# keaton/steinhatchee report



## cableguychris (Sep 27, 2016)

anybody got a report from the flats? gonna head done this weekend with the new boat, well new to me anyway.


----------



## skibum (Sep 27, 2016)

I'll be down in 2 weeks, let us know how you do..




Steinhatchee Fishing Report



September 23, 2016

Steinhatchee Fishing Report 


INSHORE – The fishing is picking up fairly quickly this week. We are seeing small mixed schools of fish so far from 25-30 Redfish (Drum, Red), Trout (Seatrout, Spotted), Spanish (Mackerel, Spanish) and Bluefish. There are also occasional schools of solely Redfish ranging from legal to over slot. Find the bait pods to find the fish. Shrimp and Gulp in Pink Shine, Chartreuse or Chart Pepper Neon to hit them. Topwater Rapala in Gold/Black is also productive along with cut Ladyfish and Finger Mullet. You can fish these under a popping cork. Keep in touch with Sea Hag Marina for all the news of upcoming Tournaments! PRO ANGLER APP USERS – Tap a fish below for additional tips and tricks!

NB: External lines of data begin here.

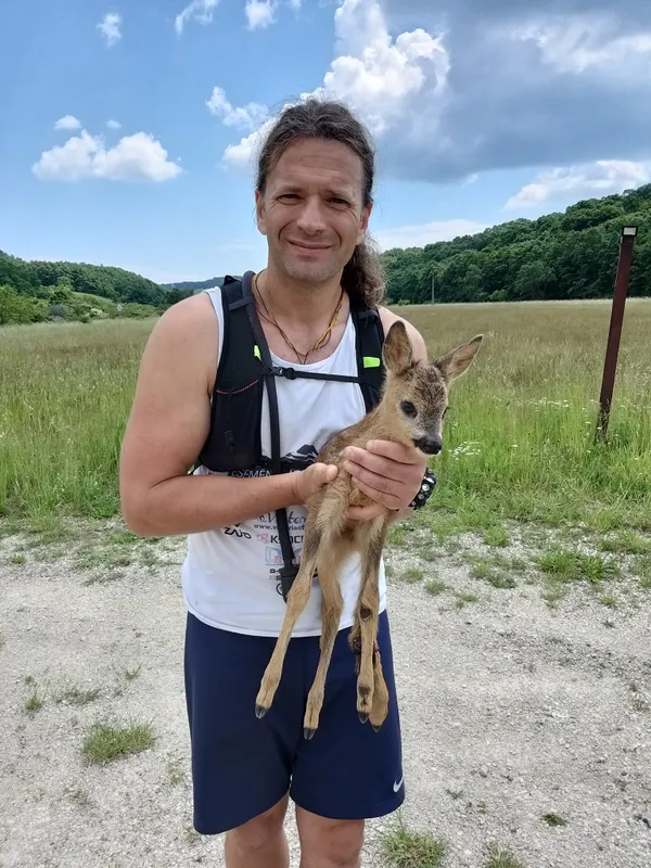 „Szeretnénk köszönetet mondani a képen látható fiatalembernek. Ma a 42 kilométeres maraton lefutása közben a várgesztesi erdőben talált rá erre a kis sérült őzikére. Az őzike megmentésére fordított időt, ami közel 4 órát vett igénybe. A fiatalember érdi és az ottani állatorvos doktornőn keresztül jutott el hozzánk. Első lépésben a doktornő hívott fel és így mentem érte Várgesztesre és vettem át az őzikét. Nyílt lábtörése van, ami nem friss és ezért tele volt nyüvekkel. Megkezdtük kezelését” – tudatta a Tappancs Állatotthon Alapítvány és Őrszolgálat a Facebook oldalán.
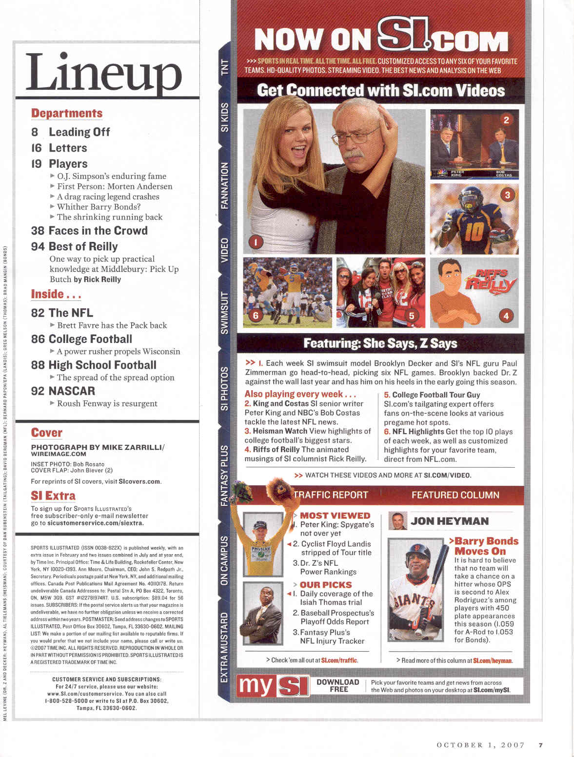 Sports Illustrated 2007-10v.107-13(目次服務)
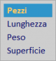 • Pezzi: È il numero di pezzi in giacenza in base all’unità di misura e alla dimensione impostata.
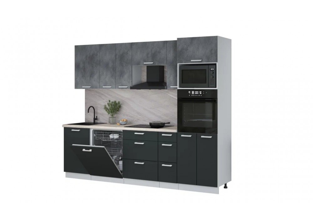 Кухонный гарнитур Мила Лайт 2,6-ПМ1 (Бетон Портленд/Антрацит/Травертин) фабрика Интерлиния
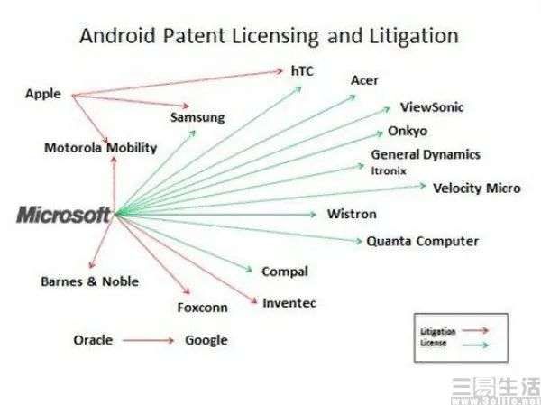 为了力推自家的Windows Phone系统,微软开始给谷歌的Android使绊子。在2010年,微软声称Android操作系统未经许可使用了其部分技术,并且起诉了彼时还是一家独立企业的摩托罗拉,同时也开始大量向HTC、三星等Android阵营的厂商征收专利费用,HTC每售出一台Android设备就需要支付微软5美元的专利费。
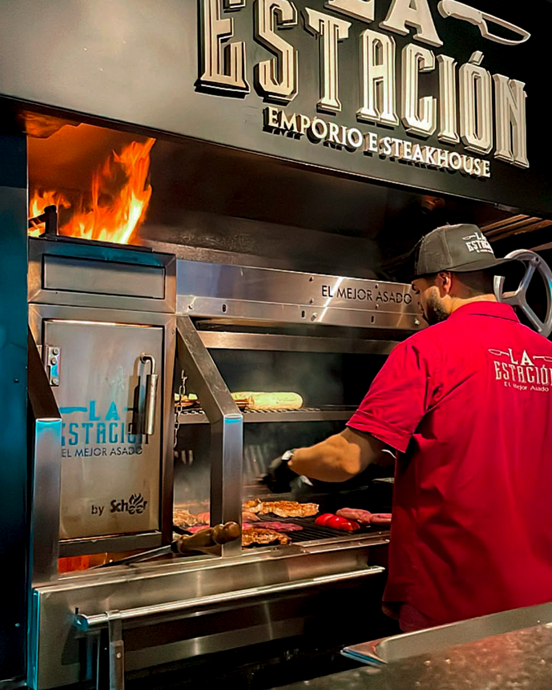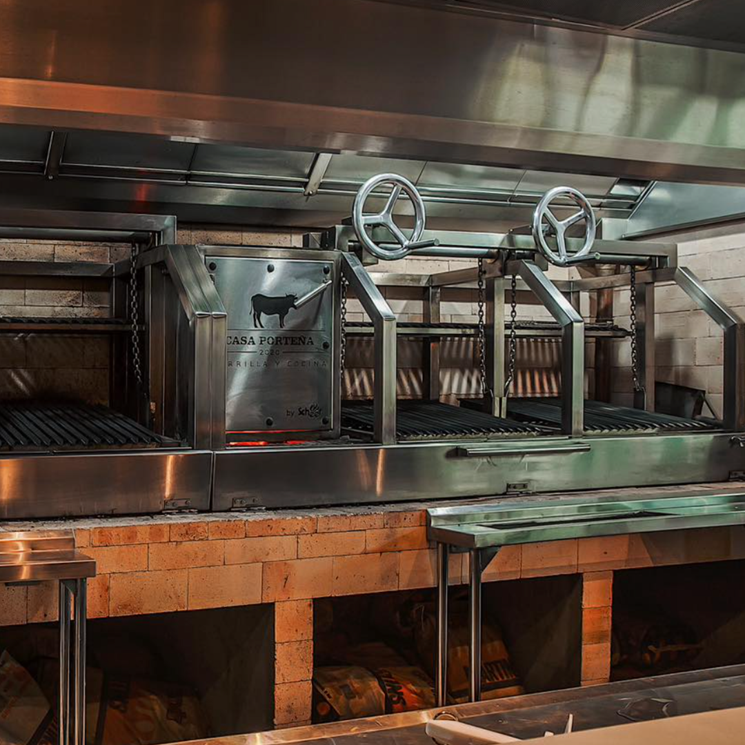 Parrillas profissionais a carvão Scheer: inox, braseiro lenha/carvão, altura regulável, módulos configuráveis, prontas para uso ou para alvenaria.
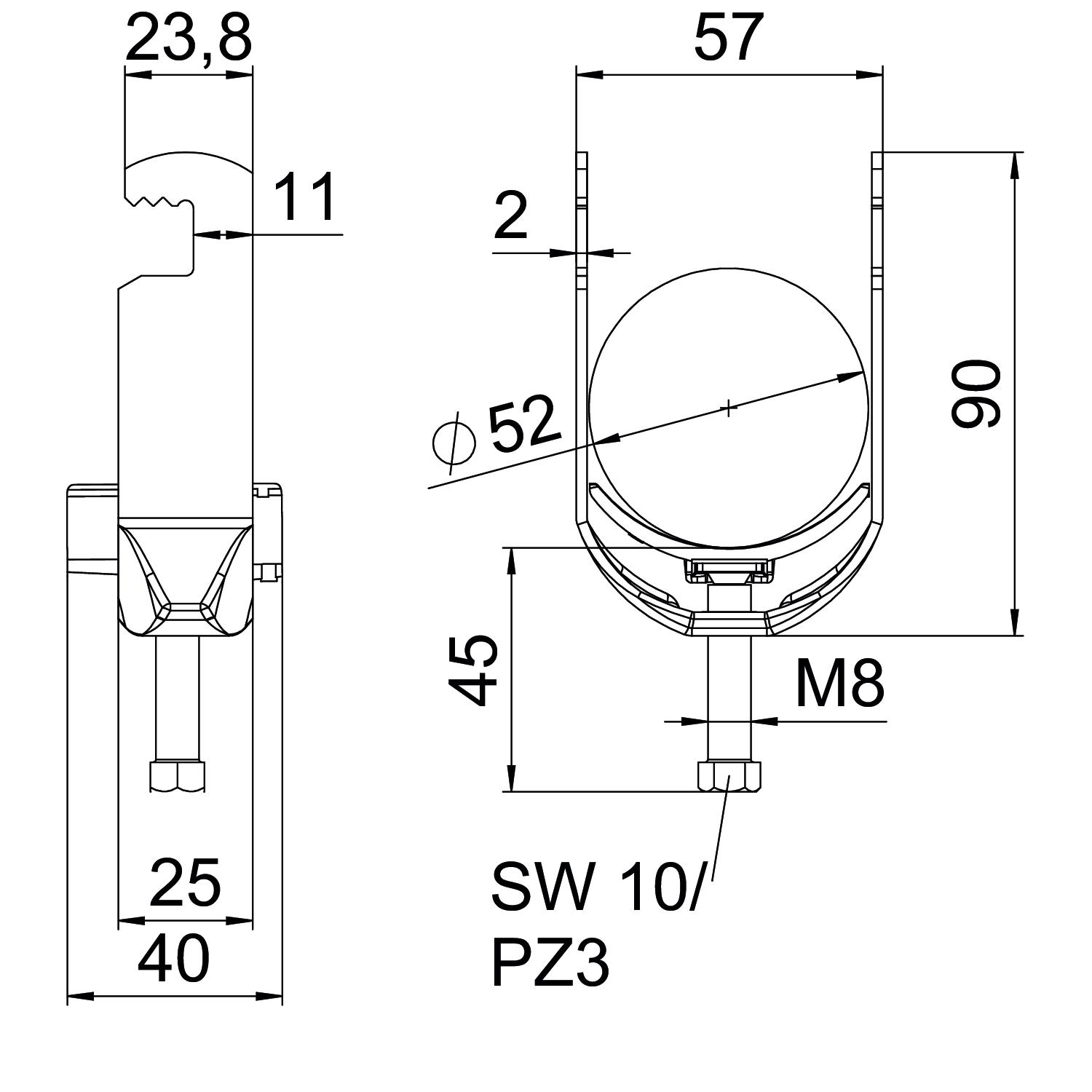 bez halogena da Broj kablova/cevi 1 CO2 otisak (GWP) od kolevke do kapije 0,4838 kg CO2e / 1 Komad Debljina lima 2 mm Dimenzija 46-52mm Dimenzija A 25 mm Dimenzija B 57 mm Dimenzija C 40 mm Dimenzija G (mm) M8 Dimenzija H 90 mm Dimenzija L 45 mm Dimenzija t 2 mm Dodatak materijal Aluminijum Dodatak površina netretirano Dužina 25 mm Dužina spoljne dimenzije 40 mm Maks. Zatezni momenat 5 Nm Materijal Aluminijum Način montaže ravan profil Navoj M8 Sa plastičnim koritom da Širina 57 mm Širina proreza 10 mm Visina 90 mm za prečnik cevi maks. 52 mm za prečnik cevi min. 46 mm Zatezna oblast D maks. 52 mm Zatezna oblast D min. 46 mm - Svi tipovi
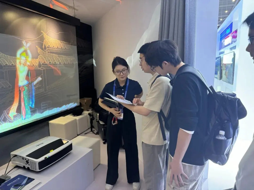 在数字文旅应用场景互动区展示的数字博物馆投影解决方案,通过采用全息技术将文物动态影像与虚拟现实场景完美融合,在科技赋能之下,千年文物有了“新生命”,吸引众多观众交流互动。
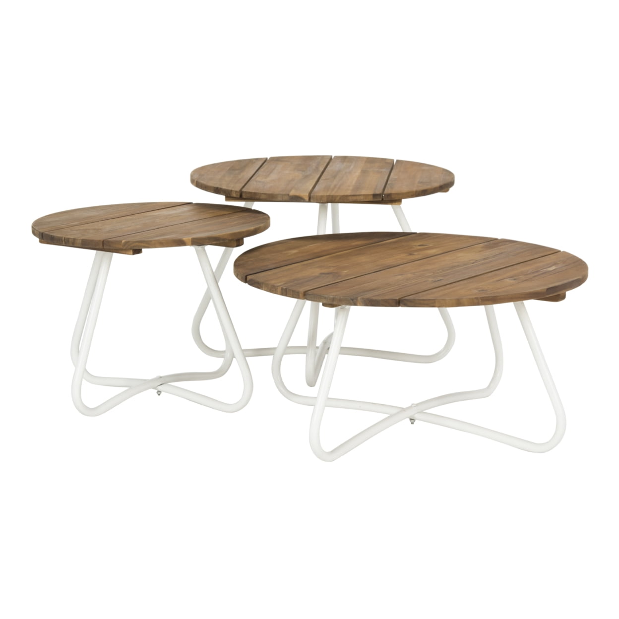 Contemporary design adds a chic look to your home Durable acacia wood frame for long lasting longevity Minor Assembly Required Color: Natural/White Large Dimensions: 27.56 in. W x 27.56 in. D x 14.17 in. H Medium Dimensions: 23.62 in. W x 23.62 in. D x 18.11 in. H Small Dimensions: 19.69 in. W x 19.69 in. D x 15.75 in. H 3 piece set Weight Capacity: 30 lbs each table Accessories in Life Style photo not included Please note: The images and product dimensions on our website are as accurate as possible. Due to differences in computer monitors, some item’s color may vary slightly. Store outdoor furniture indoors or cover well when not in use. Remove wooden furniture from standing water. Dust regularly with small brush or vacuum. Spills should be taken care of immediately before they harden or stain with a slightly dampened sponge.
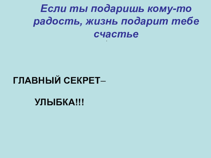 Слайд 26Если ты подаришь кому-то радость, жизнь подарит тебе счастье
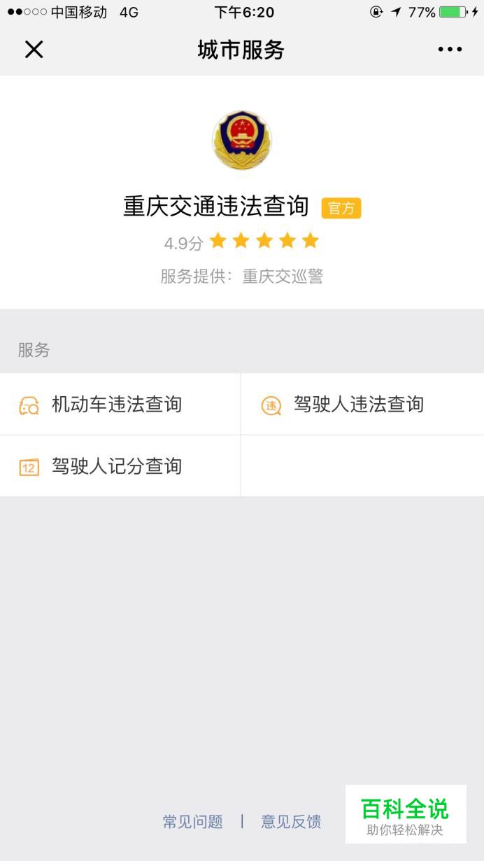 选择你的城市,向下滑找到车辆服务,点击交通违法
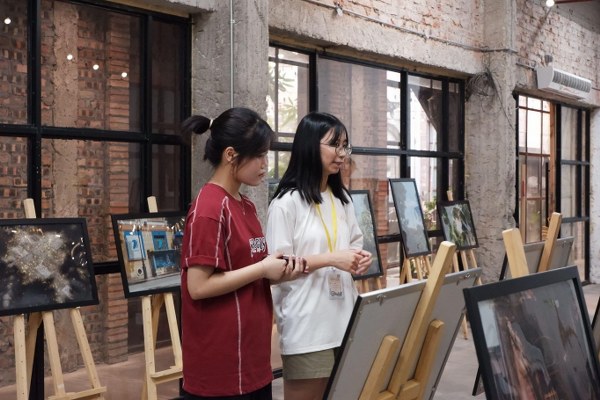 Hình ảnh người tham gia Triển lãm ngắm nhìn các tác phẩm trưng bày. Khu vực trưng bày được chia thành các trạm “Quang”, “Tĩnh”, “Ẩn”, “Khoảnh khắc” tương ứng với những trạm tàu của chuyến tàu theo bối cảnh ga Hà Nội đã chọn.
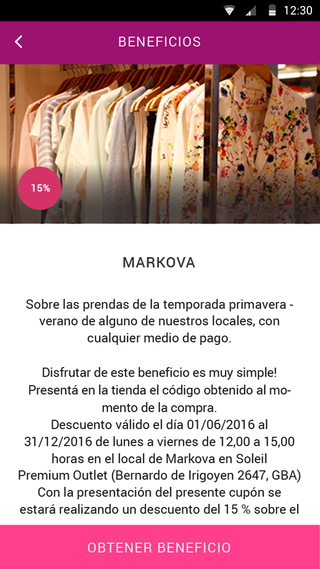 Disfrutá todos los días los mejores descuentos en las mejores marcas. Recibí cupones de hasta un 70% de descuento todos los días en: 47 STREET - ADIDAS - AKIABARA - ATOMIK - BABY COTTONS - BENSIMON - BILLABONG - BOWEN - BOATING - CARA CRUZ - CARO CUORE - CHEEKY - CITY KIDS - COMO QUIERES QUE TE QUIIERA - CONVERSE - CRISTOBAL COLON - D 42 - DEXTER - GRIMOLDI - GRISINO - INDIA STYLE - KEVINGSTON - KEY BISCAYNE - KOSIUKO - LA TIENDA 326 - LADY STORK - LA MARTINA - LEGACY - LEVI´S STORE - M51 - MARKOVA - MEGASPORT - MIMO & CO - MUAA - NARROW - NAZARIA - OLD BRIDGE - ONA SAEZ - OWOKO - PARUOLO - PAULA CAHEN D´ANVERS - PORTSAID - PROTOTYPE - PRUNE - PUMA - RAPSODIA - REVER PASS - RICKY SARKANY - SIAMO FUORI - SIMMONS - STOCK CENTER - SWEET - SWELL - TASCANI - TODO MODA - TUCCI - VER - WEAK MEAK - XL - YAGMOUR - ZHOUE - COSTUMBRES ARGENTINAS - SOBAR GOURMET - LA BRIOCHE DOREE - ABERDEEN ANGUS - BURGER KING - MOSTAZA - AVE CAESAR - MC DONALD´S - FREDDO

OFFSHORE – Schools of Dolphin are swimming offshore from 15-20 inches. They are out about 30 miless in 65 ft of water. Grunts (Grunt, White) and Grouper (Grouper, Gag) can also be caught on cigar Minnows and live bait.

BAIT REPORT – There are tons of bait pods of swimming.


 Sea Hag Marina
 352-498-3008


----------



## cableguychris (Sep 27, 2016)

thanks for the info. if you don't mind me asking, where did that report come from?


----------



## pottydoc (Sep 27, 2016)

That info came off of Sea Hag's web site. I was up there last week. The water was still fairly dirty south, we had to look for clear(er) spots to find fish. My buddy charters there, he's been doing well north up toward Keaton.


----------



## cableguychris (Oct 1, 2016)

Today was tough fishing for us.  Started with a battery issue at the ramp. Got that squared away. Headed north toward Yates Creek to try for a red fish, no luck. Just pin fish and a few short trout. Came back south just short of the channel and caught several more shorts and one keeper. Most fish were caught in 3-4 ft using live shrimp and gulp shrimp purple chartruse. Going again tomorrow. Hoping for better results


----------



## skibum (Oct 3, 2016)

Yates is a long ride from the Hatch, haven't spent much time up north.   Water still heavily stained south of the river?  Sunday any better?


----------



## grouper throat (Oct 3, 2016)

Use pinfish, not shrimp.


----------